Exact copy, no pictures: take the lines of the listing below from the first through the one containing "Chemical Properties/Changes •".
——
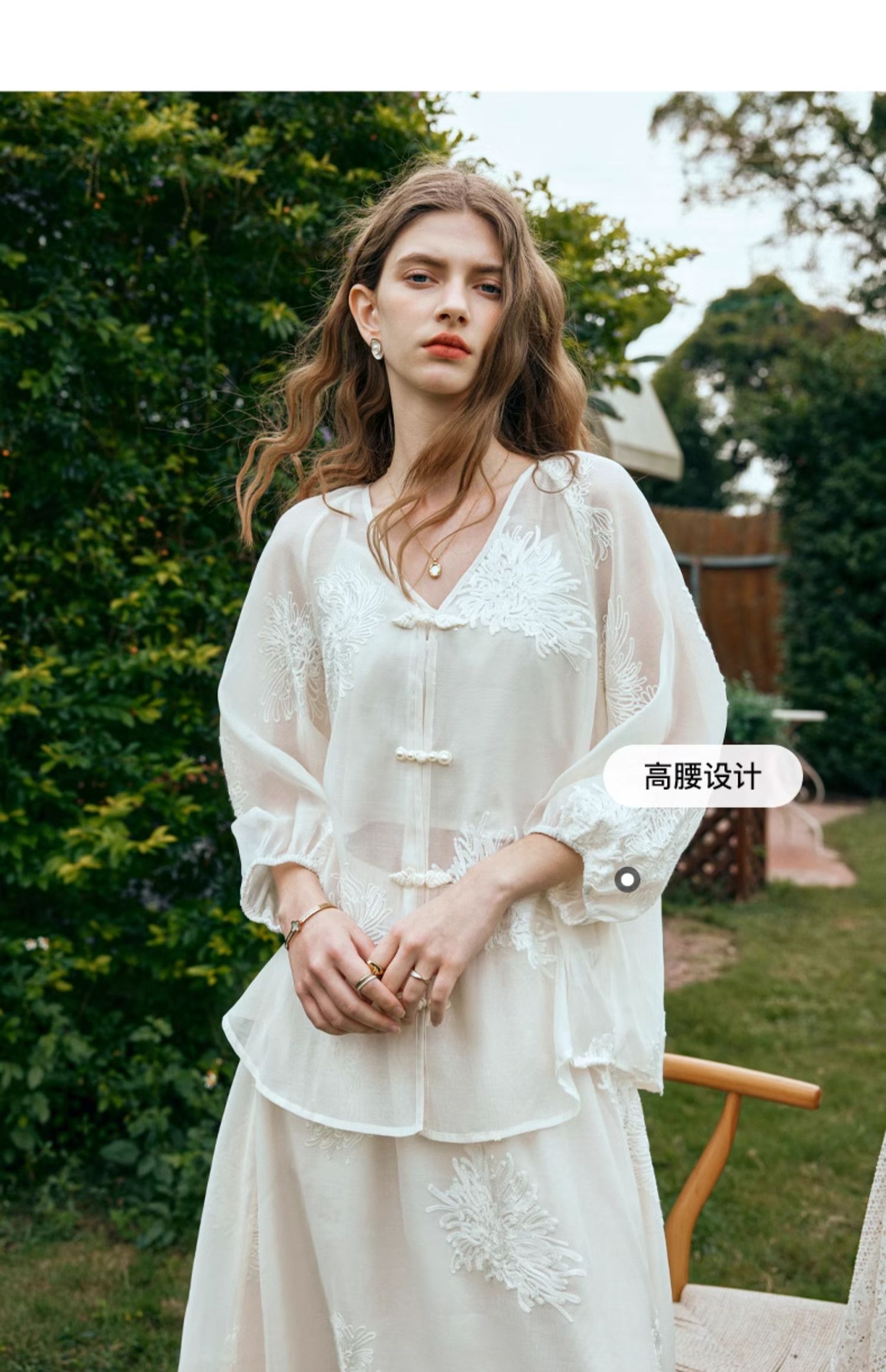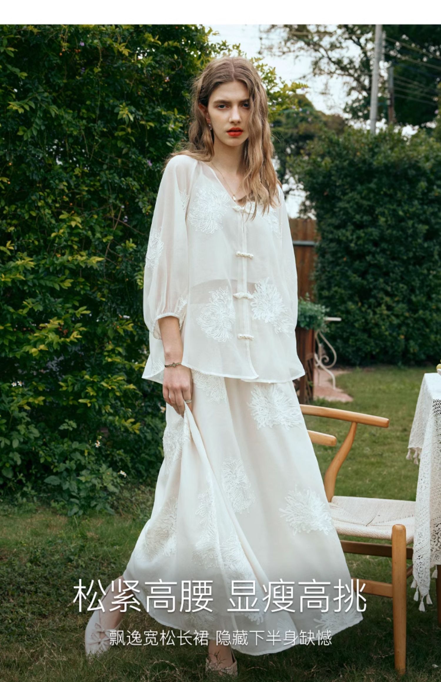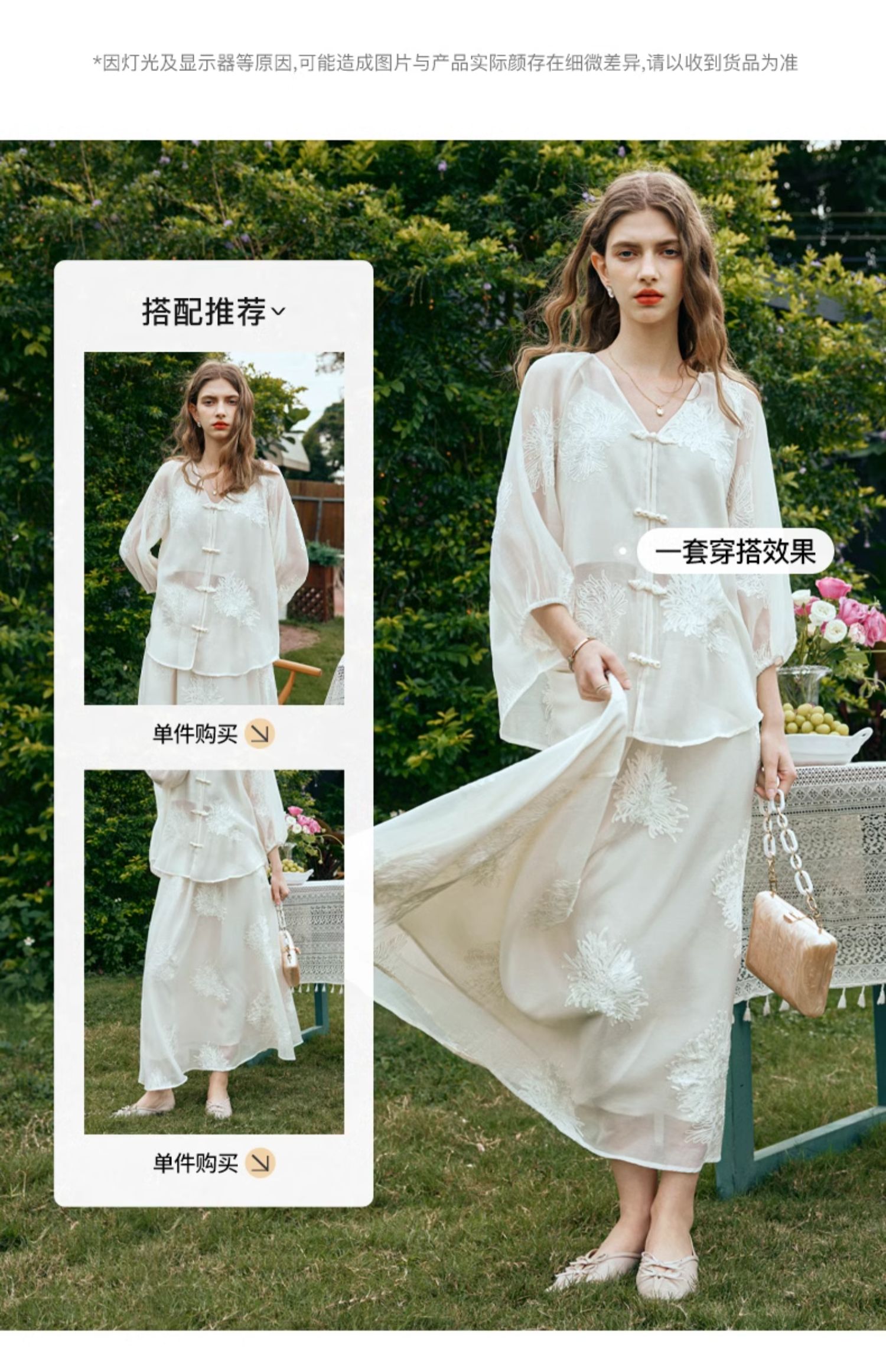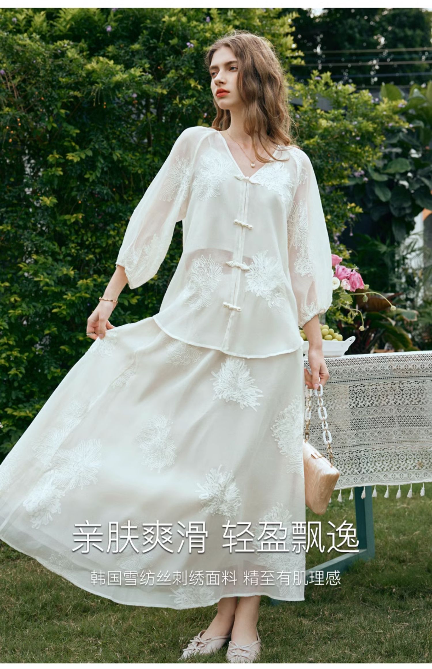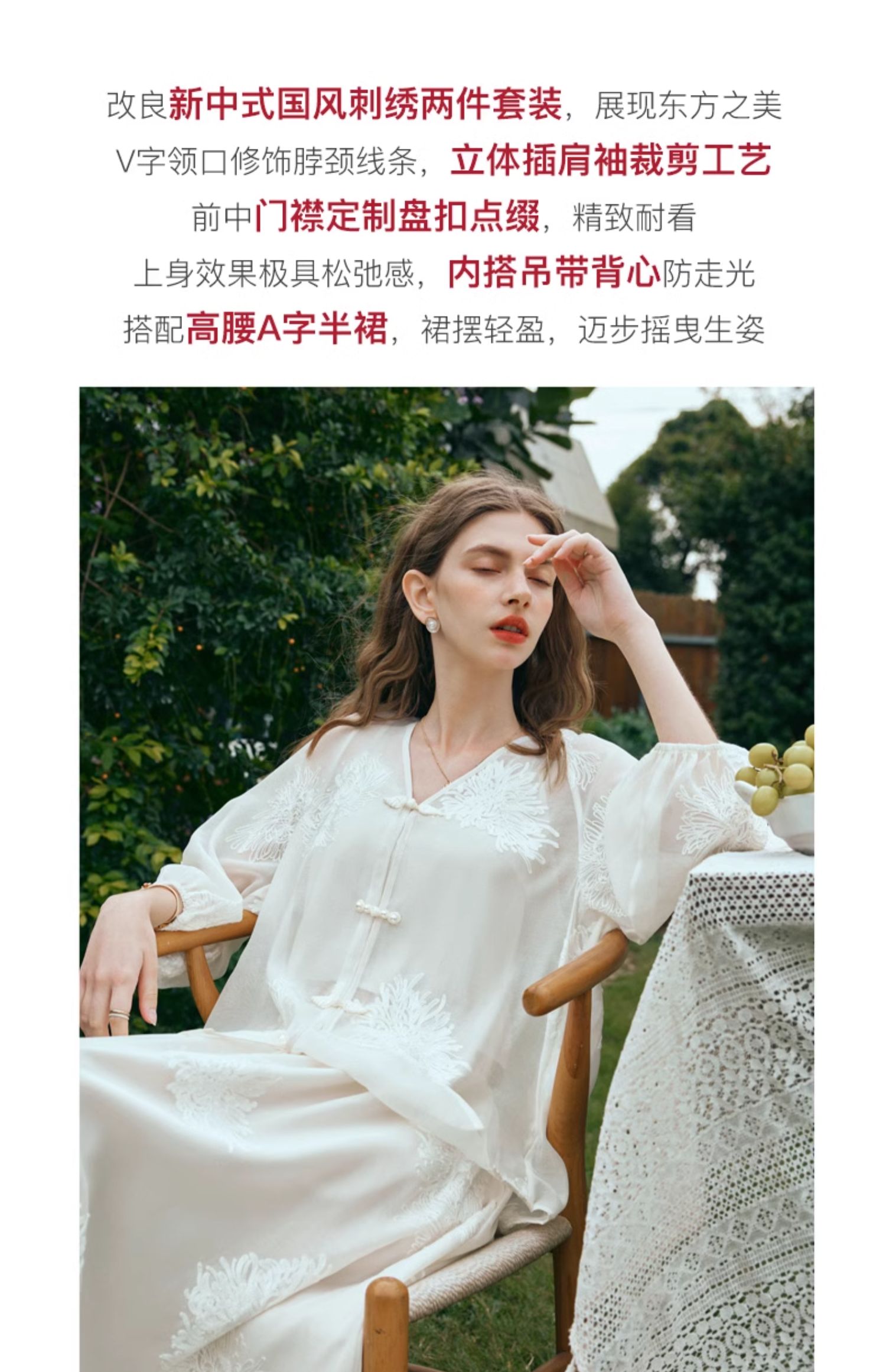OLrain欧芮儿新中式时尚套装女早春2024年新款时尚国风刺绣两件套
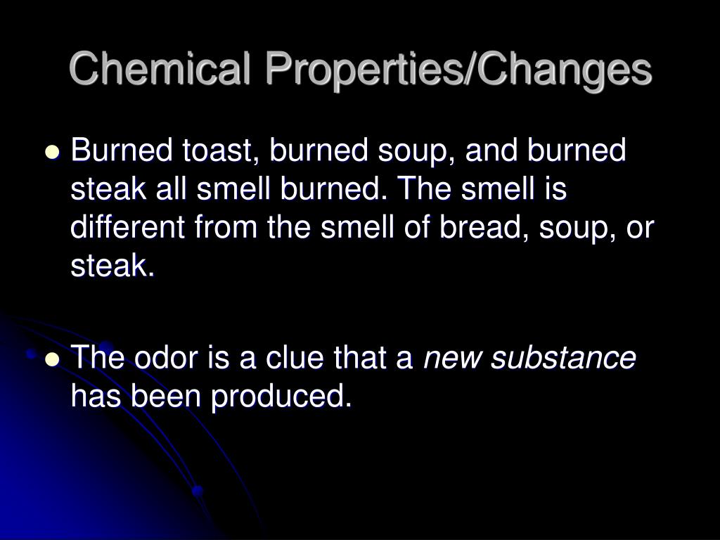 Chemical Properties/Changes • Burned toast, burned soup, and burned steak all smell burned. The smell is different from the smell of bread, soup, or steak. • The odor is a clue that a new substance has been produced.
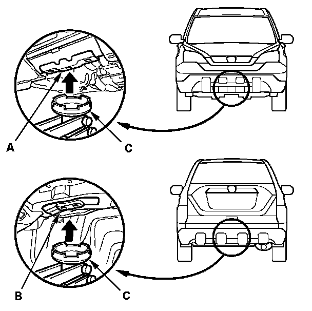 3. Position the floor jack under the front jacking bracket (A) or the rear jacking bracket (B). Center the jacking bracket on the jack lift platform (C), and jack up the vehicle high enough to fit the safety stands under it.
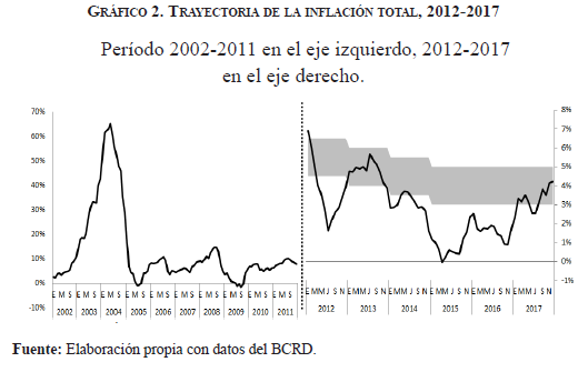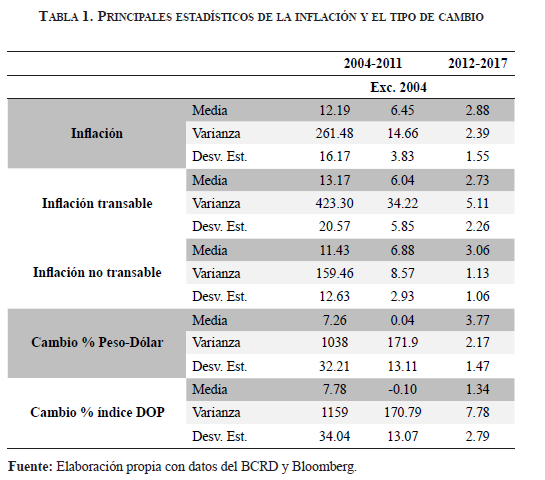 La tabla 1 presenta los principales estadísticos de la inflación y del tipo de cambio. Podemos observar un menor nivel y una menor volatilidad tanto en la inflación –total, transable y no transablecomo en el tipo de cambio –peso-dólar e índice DOPen los años posteriores a la introducción del esquema de metas de inflación en comparación con los años previos. Esta menor volatilidad no sólo se observa en términos absolutos, al apreciar la disminución de la desviación estándar en todas las variables para el período 2012-2017, sino también en términos relativos, si vemos estas desviaciones estándar como proporción de la media.
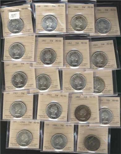 Large lot of nineteen ICCS MS64 graded coins. Includes a 1957, 1961 (4), 1962 (6), 1963 (3), 1964 (4) and a 1967. Most of the coins are brilliant.
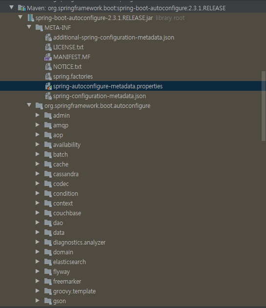 @EnableAutoConfiguration이 등록하는 빈은 autoconfigure.jar파일에 포함되어있습니다.
——
Finished task =>
OLrain欧芮儿新中式时尚套装女早春2024年新款时尚国风刺绣两件套
 Chemical Properties/Changes • Burned toast, burned soup, and burned steak all smell burned. The smell is different from the smell of bread, soup, or steak. • The odor is a clue that a new substance has been produced.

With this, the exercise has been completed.